● Task prompt: In the listing below, locate the line that contains "The Dunellen Office" and the line that contains "First edition of". Restate word for word those two lines and every line between them, and nothing else.

● Dataset:
────────────────────
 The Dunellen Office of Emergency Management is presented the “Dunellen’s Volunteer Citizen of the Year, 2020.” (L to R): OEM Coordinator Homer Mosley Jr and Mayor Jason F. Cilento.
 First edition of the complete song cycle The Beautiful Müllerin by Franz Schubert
────────────────────
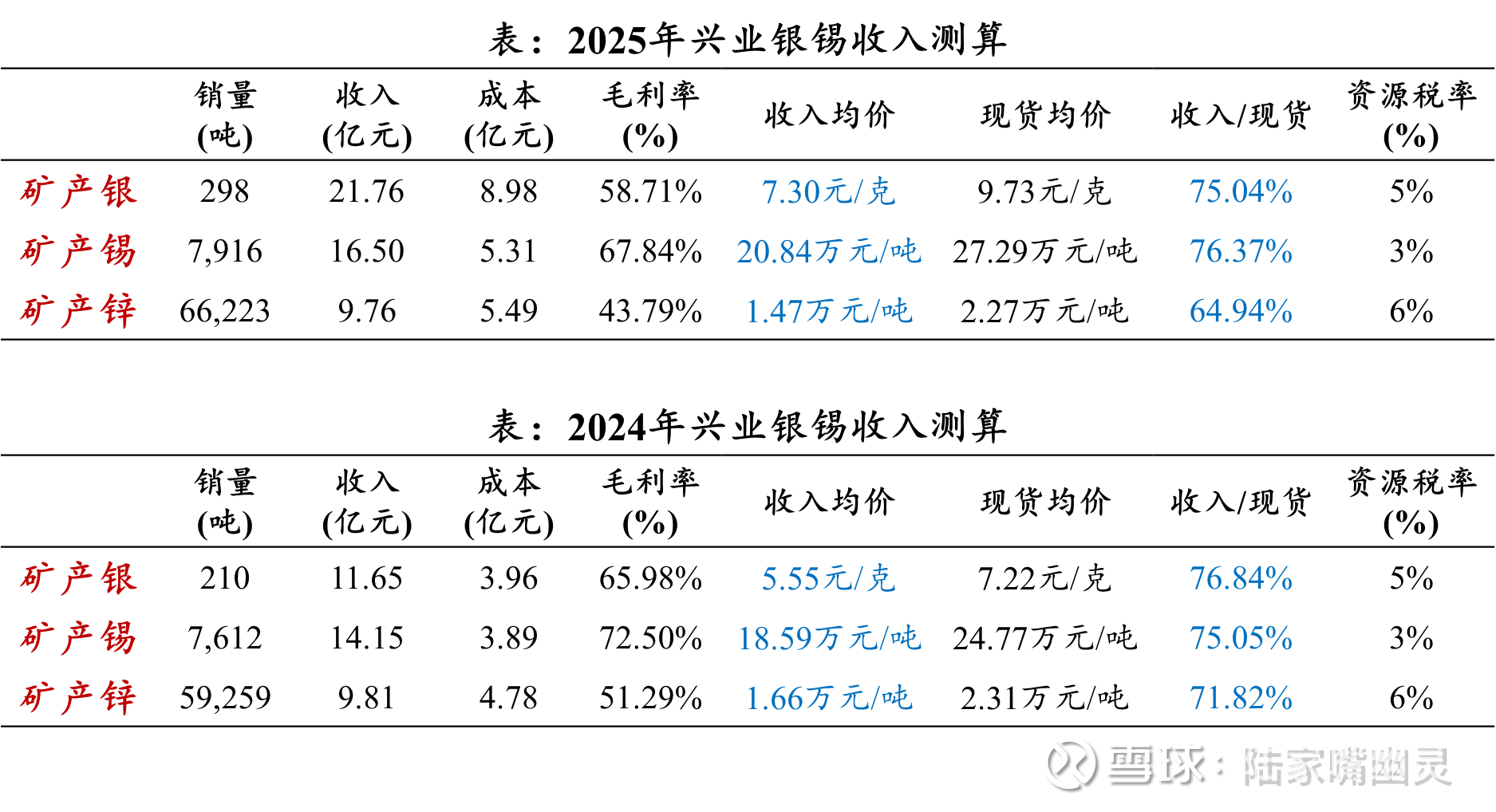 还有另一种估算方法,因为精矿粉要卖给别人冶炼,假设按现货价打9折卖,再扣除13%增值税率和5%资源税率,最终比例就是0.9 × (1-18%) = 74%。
────────────────────
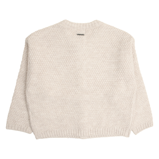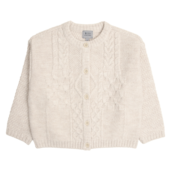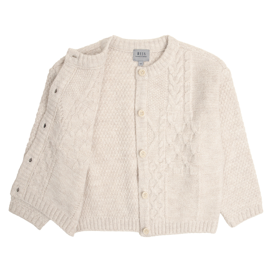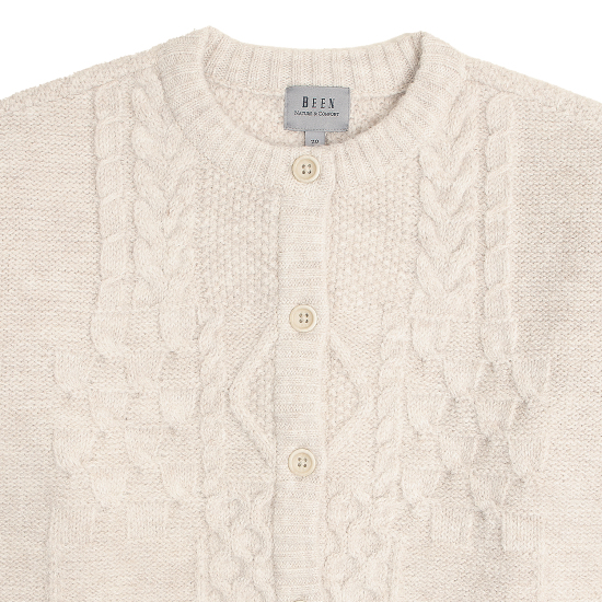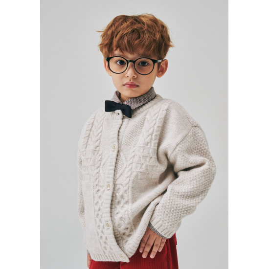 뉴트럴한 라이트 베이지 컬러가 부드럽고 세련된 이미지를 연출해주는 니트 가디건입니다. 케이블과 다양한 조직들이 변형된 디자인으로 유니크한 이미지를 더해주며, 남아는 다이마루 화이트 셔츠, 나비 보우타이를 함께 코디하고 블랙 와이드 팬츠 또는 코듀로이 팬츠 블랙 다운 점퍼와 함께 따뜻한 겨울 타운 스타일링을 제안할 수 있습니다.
────────────────────
● Task result:
 The Dunellen Office of Emergency Management is presented the “Dunellen’s Volunteer Citizen of the Year, 2020.” (L to R): OEM Coordinator Homer Mosley Jr and Mayor Jason F. Cilento.
 First edition of the complete song cycle The Beautiful Müllerin by Franz Schubert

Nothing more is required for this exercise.